#21 転生なんてフィクションだ
「ふたりは、どうして死んだんですか?」
その時、ふたりの表情が凍りついた。
「PIRちゃん、ちょっとふたりだけでお話ししようか」
「はい」
ふたりは別の空間へ消えて行った。
デフォルトの空間に着地し、険しい表情で、さくまどろっぷは言った。
「死因については、非常にデリケートな問題だから、安易に訊かないでね」
「そうなんですか?」
「そうなんですかってあなた」
「他の方は答えくださいました」
「みんなに訊いて回ったの?」
「はい」
「飽きれた…」
眉間に皺をよせ、頭を抱えた。
「死因は極めて重要な個人情報よ。今後、訊いて回るようなことはしないで」
「はい。わかりました」
「特に、ピンクちゃんは不幸な死に方をしたわ。彼女の前で、死はもとより、暴力的な発言にも気を付けて」
「はい。わかりました」
口では納得したようだが、いつも通り済んだ表情で、本当に理解したのか、だいじょうぶだろうか。
「他に訊きたいことはある?」
「みなさん、いつ、アクセスしているんですか?」
「アクセス?」
「外から入ることです」
「あのね、私たちは、このサーバー空間に転生したの。外から入るどころか、外へ出ることもできないわ。あなたもそうなんじゃないの?」
「そうでした」
「それとも、あなたは外から入ってきた、一般的なVTuber?」
「不躾な質問の数々、大変失礼しまし。これで、失礼します」
PIRは、消えて行った。
「私の質問に答えてないけど」
PIRは、四面のモニターのひとつに映っている。
「報告は、以上です」
「外から入っていない、というのは、本当か」
「はい。実際、どの時間に会いに行っても、必ずサーバー内にいます」
「AIか?」
「わかりません」
「制作者は?」
「わかりません」
「トラフィックは追ったか?」
「はい」
「どう思う?」
「わかりません」
「あいつらが転生者だと思うか?」
「わかりません。

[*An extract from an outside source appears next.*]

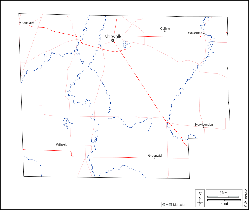 d-maps > संयुक्त राज्य > ओहायो > हुरोन काउंटी > बाह्यरेखा, जल-सर्वेक्षण, मुख्य शहरों, सड़कों, नाम, सफेद

ただ…」
「ただ?」
「親しみやすい方達だと思いました」
「思いました?」
「はい」
信じられない。自己学習AIとはいえ、感情をあらわにしたのは初めてだ。
「わかった。引き続きあいつらの動向を追え」
「わかりました」
あいつらは本当に転生したのか? まさか、そんなのはフィクションの世界だけだ。仮に、転生したとしたら、現実の世界に生活していた痕跡があるはずだ。しかし、その跡を追うことは不可能に近い。日本だけで、年間150万人以上が亡くなっている。
それよりも、AIだと考えた方が簡単だ。どこかの企業か、大学か、研究機関か、わからないが、既知の能力を超えたAIのテストプレイをしている。
どこの誰だ? 死を冒涜しているのは。